Michael: That’s a good way to be.
Dr. John Jaquish: Well, it’s a rule genetics are playing in us, because some people just, they just don’t have the marbles in their head. So, but being able to understand what you don’t know, and the problem is the less intelligent people don’t know what they don’t know. So, they think they know everything. And so, the people at the bottom of the intelligence scale believe they were the best performers.

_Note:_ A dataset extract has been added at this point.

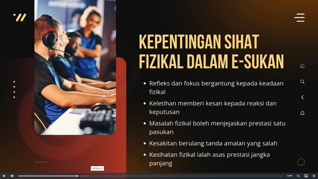Melalui ceramah, bengkel ergonomik, serta aktiviti senaman ringan, para peserta didedahkan kepada amalan gaya hidup sihat yang dapat mengurangkan risiko masalah fizikal akibat masa bermain yang panjang. Usaha ini sekaligus memperkukuh kesedaran bahawa kecergasan tubuh adalah asas kepada kejayaan dalam arena e-sukan.
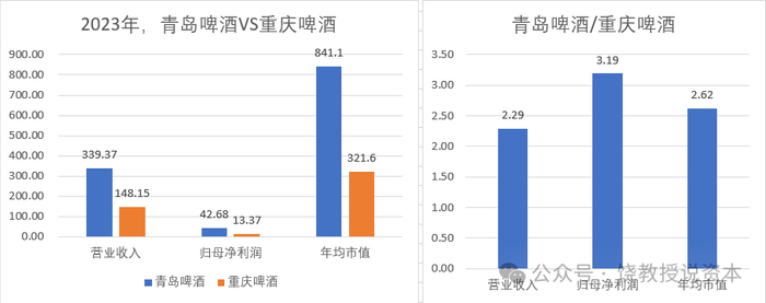 青岛啤酒体量要比重庆啤酒大不少,青岛啤酒的营业收入、归母净利润和2023年平均市值分别是重庆啤酒的2.29、3.19和2.16倍。

This is why the bottom 12 percentile group of intelligence is not allowed in the United States military, because these are the people who will shoot themselves or their fellow troops, they will crash crosstalk vehicles. Yeah, the bottom 12% are basically the only fit to hold a mop. And guess who the self appointed experts are on the internet?
Michael: Those people.
Dr. John Jaquish: Yes, That’s right. Don’t listen to the people who are giving advice on the internet.
Michael: No, don’t. Look-
Dr. John Jaquish: This is the hard fast rule, if anybody wants a meme don’t listen to internet commenters.
Michael: When I left a message on your Instagram and I said, “Would you come on to my podcasts?” I was amazed that you said yes. So, I’m very appreciative of that, I’m going to put all the links down below. The book is Weight Lifting is a Waste of Time and so is Cardio, and of course I’ll put a link to the X3 system down there too. And Dr. John Jaquish, it’s been an absolute pleasure talking to you I really enjoyed it.
Dr. John Jaquish: Thanks so much, this was great.
Michael: Hey, man, that was great. Thank you.
Dr. John Jaquish: Yeah, it was awesome.